Il Decreto Legislativo 15 giugno 2015, n. 81 agli art. 13 e ss. ha rivisitato nuovamente l’istituto del lavoro
intermittente (c.d. “job on call” o “lavoro a chiamata”), abrogando gli art. 33-40 del D.Lgs. n. 276/2003
(Legge Biagi). In base alle nuove disposizioni, le modalità di impiego dei lavoratori intermittenti sono
disciplinate dai contratti collettivi stipulati da associazioni sindacali comparativamente più
rappresentative sul piano nazionale o territoriale; in mancanza si fa riferimento a un decreto non
regolamentare del Ministero del Lavoro.
In attesa di tale decreto, che dovrebbe specificare gli ambiti di
utilizzo del job on call in assenza di contratti collettivi, è fatta salva la tabella delle attività discontinue
del RD n. 2657/1923 (agganciate alla Legge Biagi dal D.M. lavoro del 23 ottobre 2004).
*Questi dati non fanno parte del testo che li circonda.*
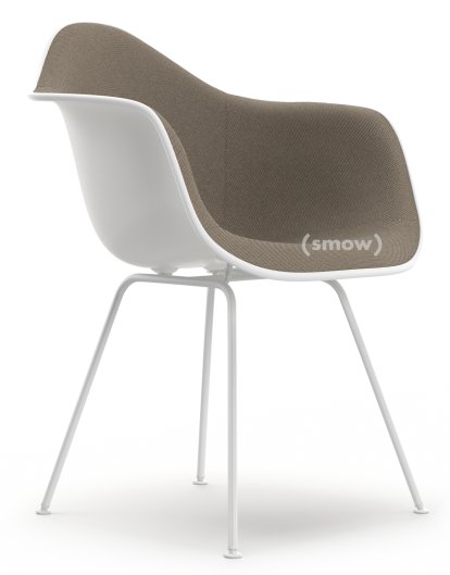 Eames Plastic Armchair RE DAX, Blanc non-RE, Rembourrage intégral, Gris chaud / marron marais, Version standard - 43 cm, Revêtement blanc

Per quanto concerne i divieti, invece, viene reso tassativo il divieto secondo il quale il lavoro
intermittente è inapplicabile presso le unità produttive interessate da licenziamenti collettivi nei sei mesi
precedenti o dove si ricorra alla CIG. Altra novità riguarda la conseguenza in caso di rifiuto ingiustificato
di rispondere alla chiamata da parte del datore di lavoro; in tal caso, il rifiuto continua sì a configurare
motivo di licenziamento con conseguente restituzione della parte di indennità riferita all’arco temporale
successivo al rifiuto stesso, però il lavoratore non è più chiamato a “un congruo risarcimento del danno
nella misura fissata dai contratti collettivi o, in mancanza, dal contratto di lavoro”.
Premessa
La nuova disciplina sul contratto di lavoro intermittente, entrata in vigore il 25
giugno 2015, riguarda esclusivamente il settore privato, poiché è stabilito
espressamente che le disposizioni non trovano applicazione ai rapporti di
lavoro alle dipendenze delle Pubbliche Amministrazioni.
Il lavoro a
chiamata
Il contratto di lavoro intermittente è il contratto, anche a tempo determinato,
mediante il quale un lavoratore si pone a disposizione di un datore di lavoro
che ne può utilizzare la prestazione lavorativa in modo discontinuo o
intermittente secondo le esigenze individuate dai contratti collettivi, anche con
riferimento alla possibilità di svolgere le prestazioni in periodi predeterminati
nell'arco della settimana, del mese o dell'anno.
In mancanza di contratto collettivo, i casi di utilizzo del lavoro intermittente
sono individuati con decreto del Ministro del Lavoro e delle Politiche Sociali.
Campo di
applicazione
Il contratto di lavoro intermittente può essere concluso con soggetti di età:
- superiore a 55 anni;
- e con meno di 24 anni di età, fermo restando in tale caso che le prestazioni contrattuali devono essere svolte entro il venticinquesimo anno di età.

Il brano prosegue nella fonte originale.